The Oakbank Easter Racing Carnival is a horse-racing meeting held over two days by the Oakbank Racing Club at the Oakbank Racecourse located in the Adelaide Hills in South Australia. The carnival is a mixture of flat and jumping races with between two and four jumps races on day one and two feature jumping races on day two.

Day one is held on Easter Saturday and is one of the highest attended race days in Australia. The Von Doussa Steeplechase (named after founder Alfred von Doussa) used to place on day one and was a preliminary to the Great Eastern Steeplechase held on Easter Monday.
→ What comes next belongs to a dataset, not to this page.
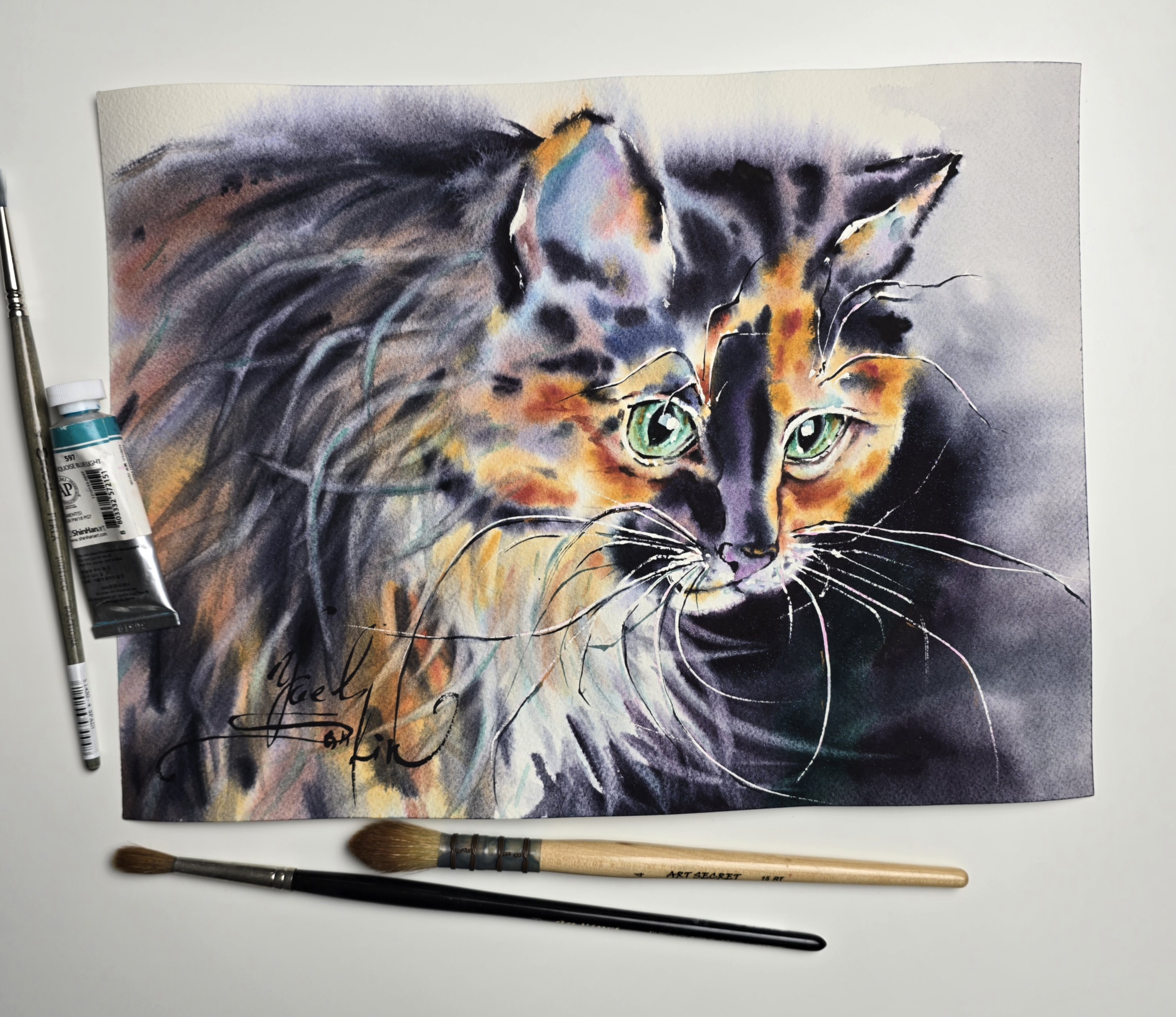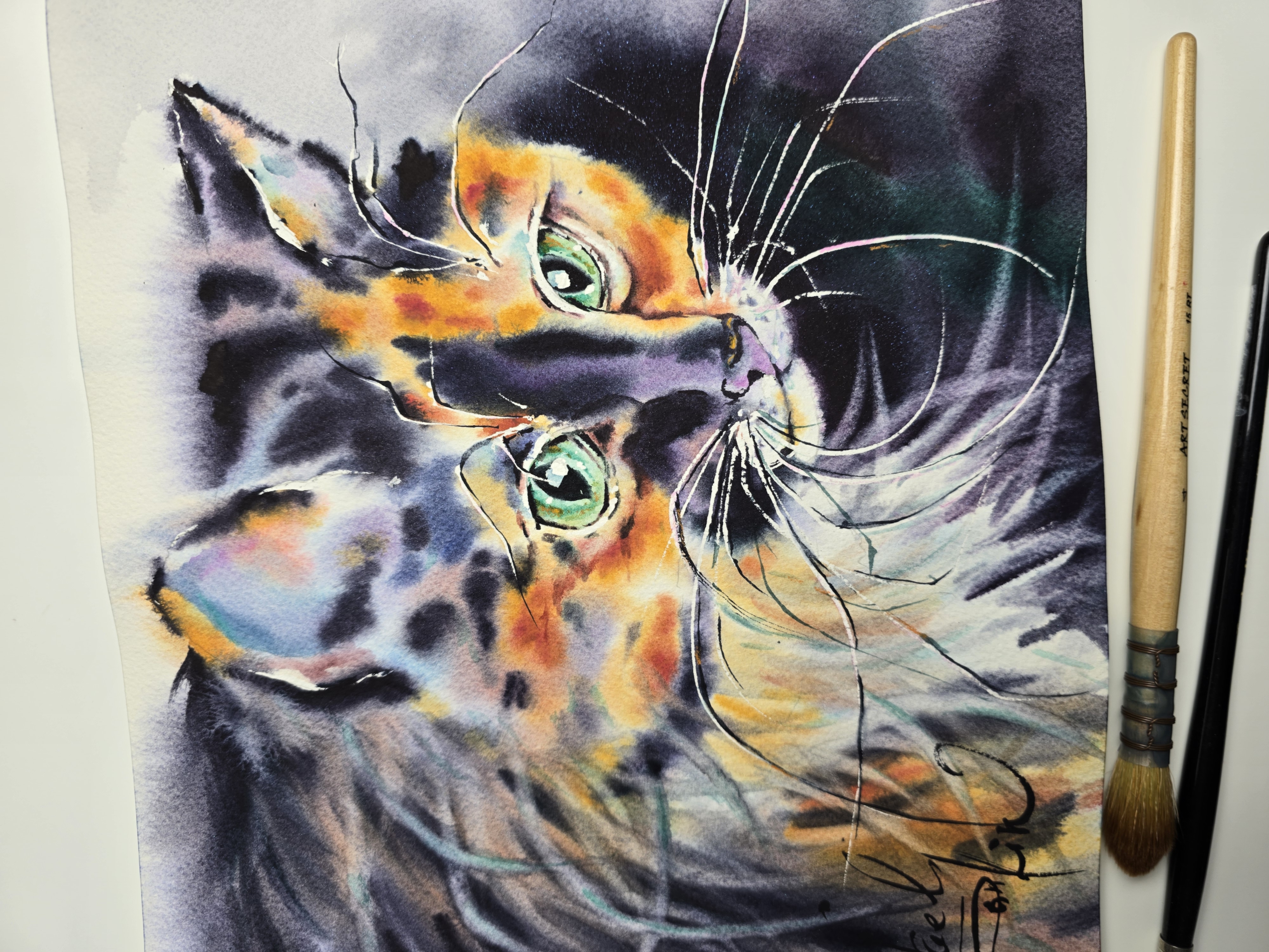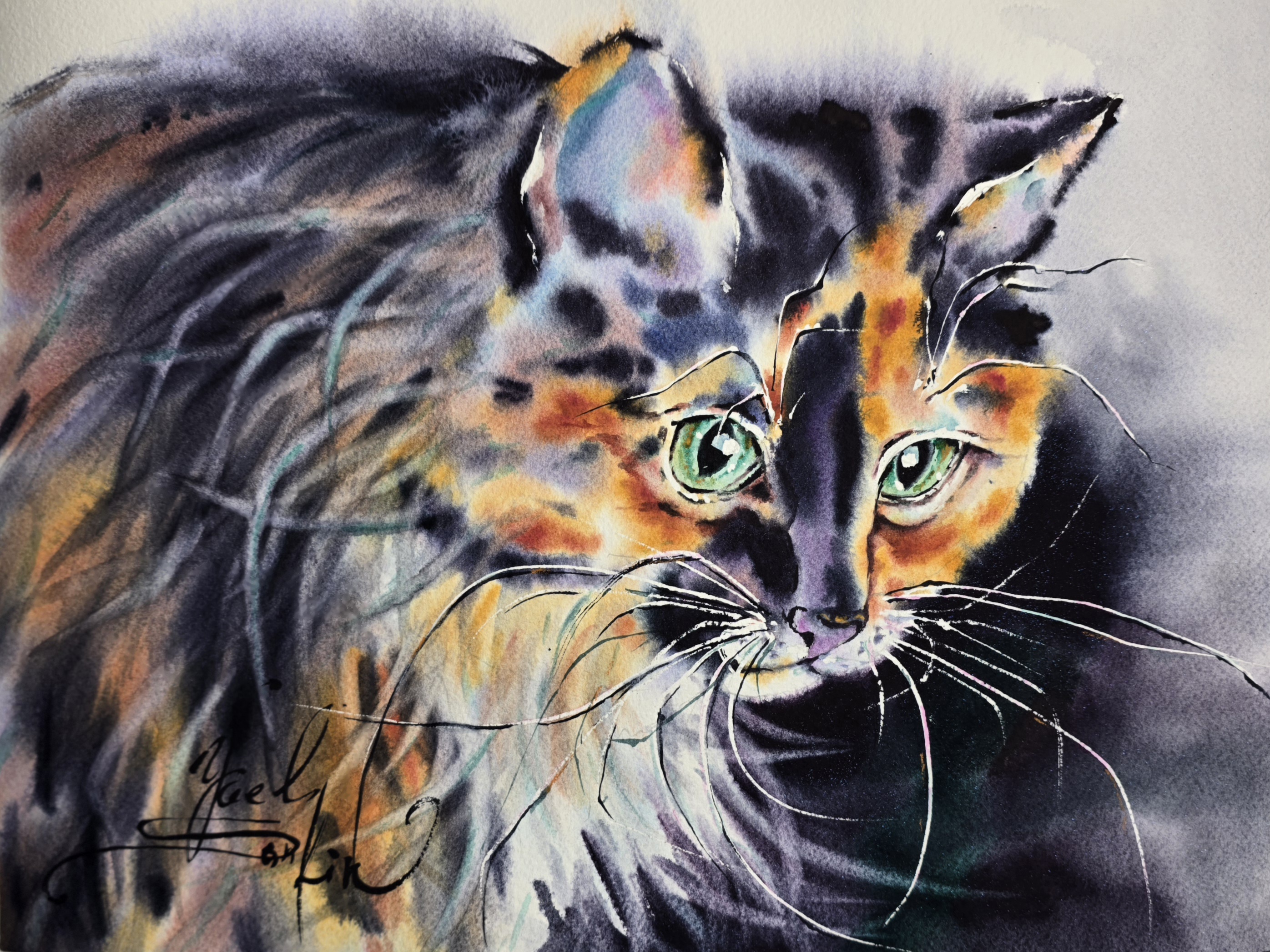 This original watercolor painting features a beautiful black and orange cat with striking green eyes and flowing fluffy fur.

A "classic" hurdle race takes place on Monday as does the feature flat race, the Onkaparinga Cup.

The meeting is conducted by the Oakbank Racing Club and is popular with families and groups. Although ostensibly a horse race meeting, Oakbank is an event in itself with carnival rides, picnics and other activities. Many families camp for the whole weekend in the paddocks adjacent to the track, and some have done so all their lives.

Patrons travelled by train from Adelaide to nearby Balhannah railway station,  from the course, from 1884. When the Mount Pleasant railway line opened in 1918, a platform was constructed adjacent to the course, permitting special race trains to run direct to the course the following Easter. The line to Mount Pleasant closed on 3 March 1963, thus the race trains ran no more.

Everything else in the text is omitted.